_What is being asked_: Set down the data below in full, exactly as it reads, but without the pictures.

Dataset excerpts
--------------------------------------------------

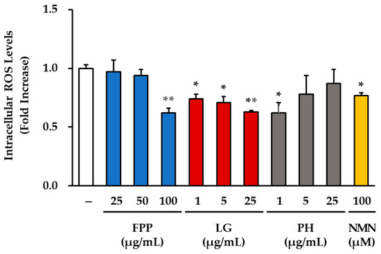Effects of FPP, LG, PH, and NMN on intracellular ROS levels in HEKs. HEKs were treated with FPP (25, 50, and 100 μg/mL), LG (1, 5, and 25 μg/mL), PH (1, 5, and 25 μg/mL), or NMN (100 μM) for 30 min. Intracellular ROS levels were measured using the DCF-DA assay and quantified by fluorescence intensity. Data are expressed as mean ± SEM (n = 3). Statistical significance was evaluated using one-way ANOVA followed by Tukey’s post hoc test. * p < 0.05, ** p < 0.01 vs. untreated control.
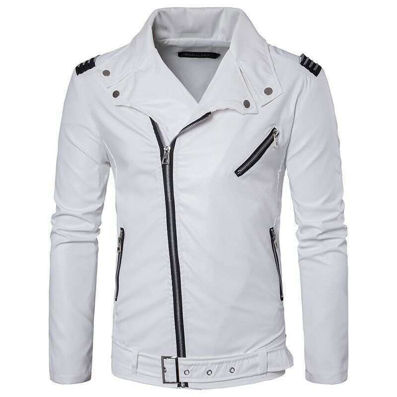 Men Leather Jacket White Motorcycle Punk Zipper Buckle Coat Outwear Slim Fit Lapel
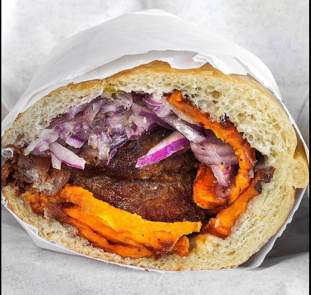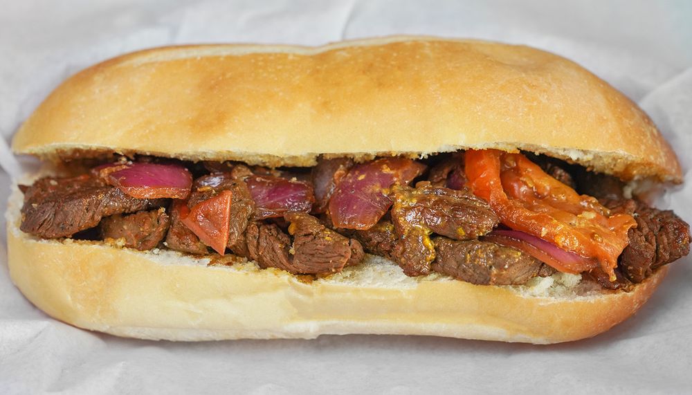 Angus beef sautéed with onions and tomatoes served hot on a roll
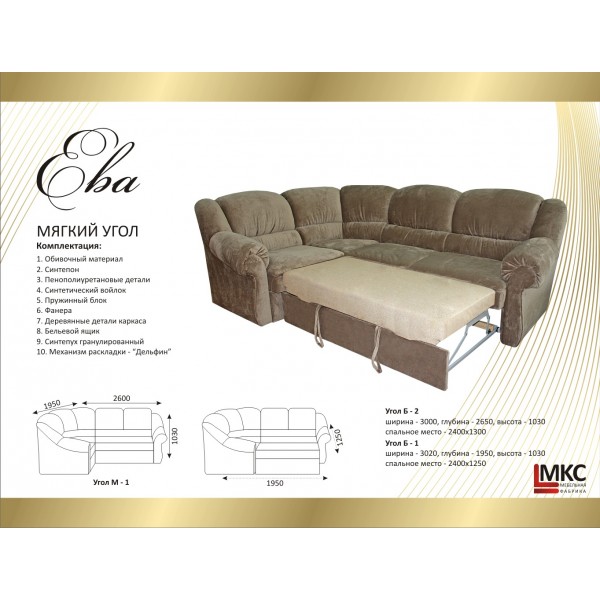 Характеристики Кутовий диван Єва МКС
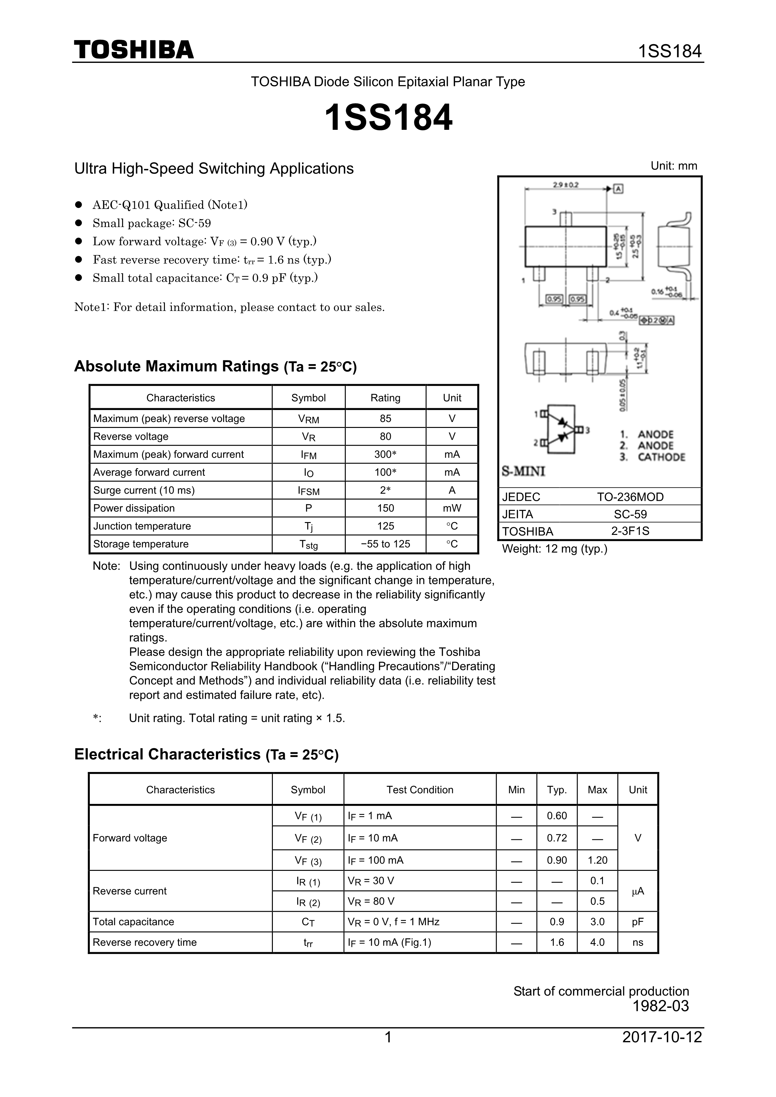 1SS184LF数据手册SC-59封装TOSHIBA(东芝)PDF规格书,中英文下载

--------------------------------------------------

_Your response_:
Effects of FPP, LG, PH, and NMN on intracellular ROS levels in HEKs. HEKs were treated with FPP (25, 50, and 100 μg/mL), LG (1, 5, and 25 μg/mL), PH (1, 5, and 25 μg/mL), or NMN (100 μM) for 30 min. Intracellular ROS levels were measured using the DCF-DA assay and quantified by fluorescence intensity. Data are expressed as mean ± SEM (n = 3). Statistical significance was evaluated using one-way ANOVA followed by Tukey’s post hoc test. * p < 0.05, ** p < 0.01 vs. untreated control.
 Men Leather Jacket White Motorcycle Punk Zipper Buckle Coat Outwear Slim Fit Lapel
 Angus beef sautéed with onions and tomatoes served hot on a roll
 Характеристики Кутовий диван Єва МКС
 1SS184LF数据手册SC-59封装TOSHIBA(东芝)PDF规格书,中英文下载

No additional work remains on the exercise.